Mukherjee projected on March 16 record borrowing of 5.69 trillion rupees ($111 billion) to finance a fiscal deficit estimated at 5.1 percent of gross domestic product in the year starting April 1. The Reserve Bank of India has flagged inflation risks from the shortfall, an oil-price surge and a weaker rupee, while signaling readiness to lower interest rates to bolster growth.

India’s economic growth slowed to 6.1 percent last quarter from a year earlier, the slowest pace in almost three years.

Inflation Risks

A surge in Brent crude, which has climbed 14 percent this year, poses “new risks” to prices in the world’s fourth-largest consumer of oil, the RBI said on March 22. The rupee is threatening to accelerate inflation as it heads for its first monthly decline since December. That boosts import costs for a nation that buys 80 percent of its oil overseas.

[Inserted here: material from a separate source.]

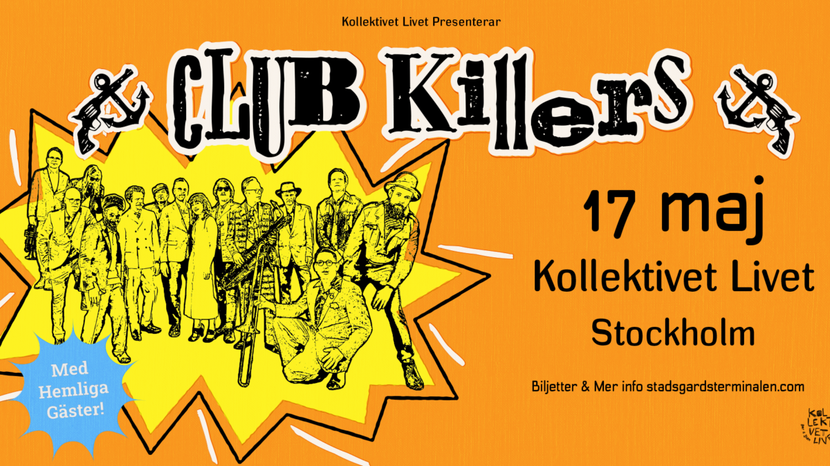 CLUB KILLERS – En helkväll med Sveriges svängigaste ska- och jazzorkester lördagen den 17 maj 2025 på Kollektivet Livet Bar & Scen. Partybandet och 15-mannaorkestern Club Killers har varit ett odödligt inslag på Stockholms kulturscen sedan 2002. Orkesterns mäktiga sound grundar sig i ska, rocksteady, reggae, jazz och soul. Samtidigt som de är ett band av ytterligheter är de ett band med en tydlig själ – live bjuder de på värme, rytmer, färger, sväng, kärlek, kaos, lite politik och som vanligt hemliga gäster.

The RBI has less room to cut its benchmark interest rate, which currently stands at 8.5 percent, as surging oil prices push up inflation, swap markets show. The cost of locking in interest payments for five years rose 20 basis points this month to 7.59 percent, according to data compiled by Bloomberg.

“Market expectations have already come down from the 150 basis points of cuts that we started with in December,” Swati Kulkarni, who helps manage $11.3 billion at UTI Asset Management Co., India’s fifth-largest money-management company, said in an interview with Bloomberg UTV yesterday. “People were expecting that the whole year of 2012 could have that kind of cuts. Now people have reconciled to the fact that the cuts could be at best 50 basis points to 75 basis points.”

HSBC, Birla and UTI expect the indexes to trade in a range this year and recommend investing in specific companies rather than broad sectors.

“We would look to invest in big companies whose economic destinies are not dictated by either government action or a regulatory overhang,” HSBC’s Pradhan said.